Alongside the 5 ‘personal traumas’ of the ACEs study, I also experienced three of the five ‘family member’ traumas. These included:
- My parents separating when I was 3 (divorcing when I was 5) and my actively being made aware of the acrimonious nature of their separation;
- My 13-year old sister being diagnosed with bi-polar disorder when I was 14, after intentionally harming and attempting to kill herself, destroying a hospital room and being admitted to an adult mental-health ward (where I visited her); and
- Living with an older boyfriend from age 15, whom I used street drugs with daily.
The only two traumas I managed to skip from the ACEs list included my mother not being a victim of domestic violence and my not experiencing a family member being imprisoned.
Although an adverse ACEs score is not definitive of problematic outcomes, statistically speaking, my ACE’s score of 8 (out of a possible 10), puts me at significantly higher risk of adult onset of chronic disease, including heart disease, lung cancer, diabetes and many autoimmune diseases, as well as depression, suicide, being violent and a victim of violence.
I wrote last week about the abusive relationship I ended up in at 19, with stalking and other violent behaviours continuing long after the marriage ended.
I suffer from health issues today that I suspect are related to my history of trauma.
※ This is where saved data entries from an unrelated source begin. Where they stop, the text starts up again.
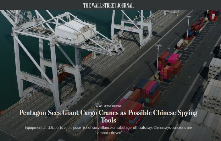 Wall Street Journal (WSJ), Çin’in, ABD limanlarındaki vinçleriyle casusluk ve sabotaj faaliyetleri yürütebileceği iddialarını gündeme getirdi.
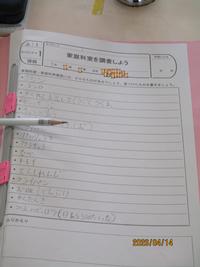 調査したものをしっかり書き出すと、家庭科室にはたくさんの道具や調味料が置いてあることがわかりました。
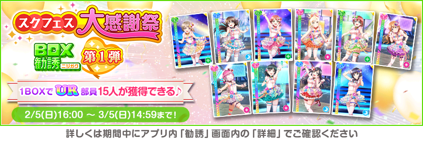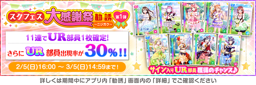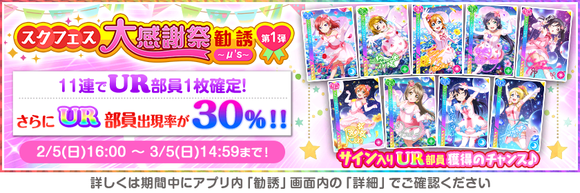 スクフェスを可能な限りお楽しみいただけるよう、サービス終了までの期間に、スクフェス大感謝祭キャンペーンを実施いたします。
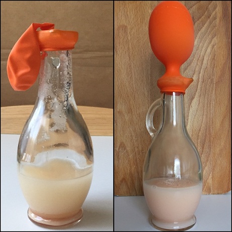 3. Надеваем на горлышко бутылки шарик. Через некоторое время он начнёт надуваться.
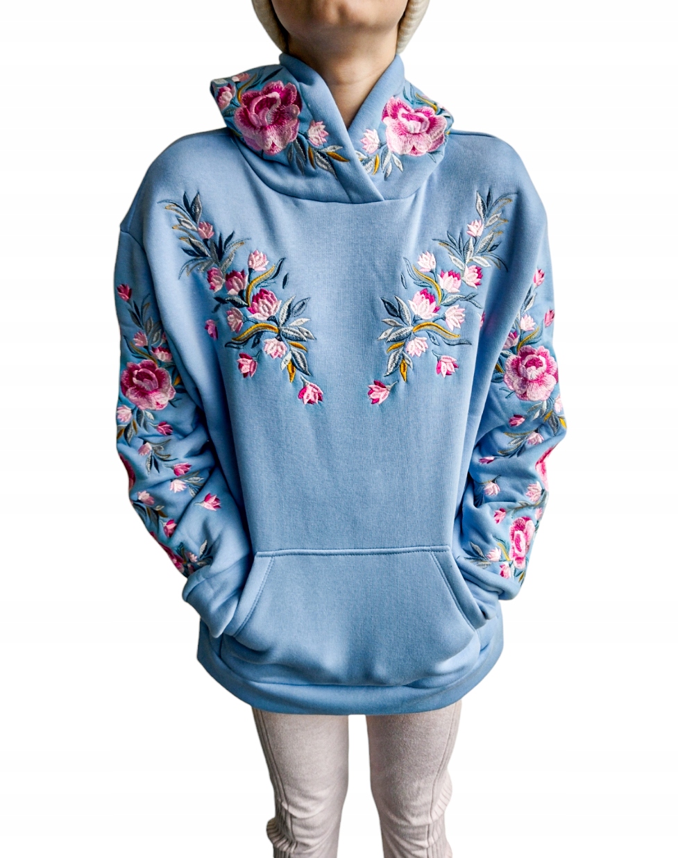 BLUZA Z HAFTEM KWIATY L CIEPŁA MIŁA KAPTUR KIESZEŃ NIEBIESKA 190.00zł
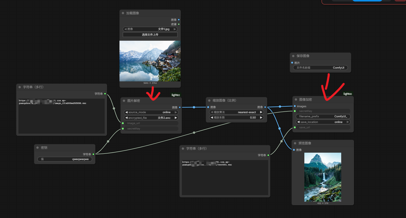💡 无需修改其他逻辑 —— 只需替换这两个节点,其余工作流(如缩放、预览等)保持不变! 工作流执行完毕将文件下载到本地,再通过加密解密软件解密和后即可查看。
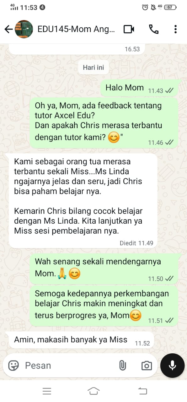Banyak siswa dan orang tua puas dengan layanan kami. Nih contohnya:

Statistically speaking, someone with my ACEs score has a 100% likelihood of needing antidepressants. Unlike my sister, I’ve managed to ward that one off for now, but my pain related condition did see me become reliant on tramadol for a time — which acts much like an antidepressant does — and was a prop for a time.
I have PTSD too, which although is a lot better than it once was, continues to have an impact on my sensitivity to things like sound and stress.
I don’t feel sorry for myself over these things — they are simply a practical consequence of what I have faced.
I do wish our societies had a broader understanding of the impacts of early childhood traumas though — a lack of understanding has been a significant part of my struggle.
A broader understanding of the impact of trauma within the medical profession, legal systems and psychology/psychiatry more generally is also needed to create better outcomes and fairness — I have yet to meet anyone with trauma issues in their past, who having sought help for issues related to them, hasn’t had a difficult time (generally a failure to empathise) with at least one of the “professionals” involved in their care.
We also need to deliberately implement appropriate support services specifically intended to diagnose and address issues related to childhood trauma. This includes decent metal health services.
It will never be enough, and ideally preventing the causes of childhood trauma should be the long term goal too. Recognising and mitigating against the effects of trauma, and thereby helping to prevent inter-generational harm, is a first step in that respect too though.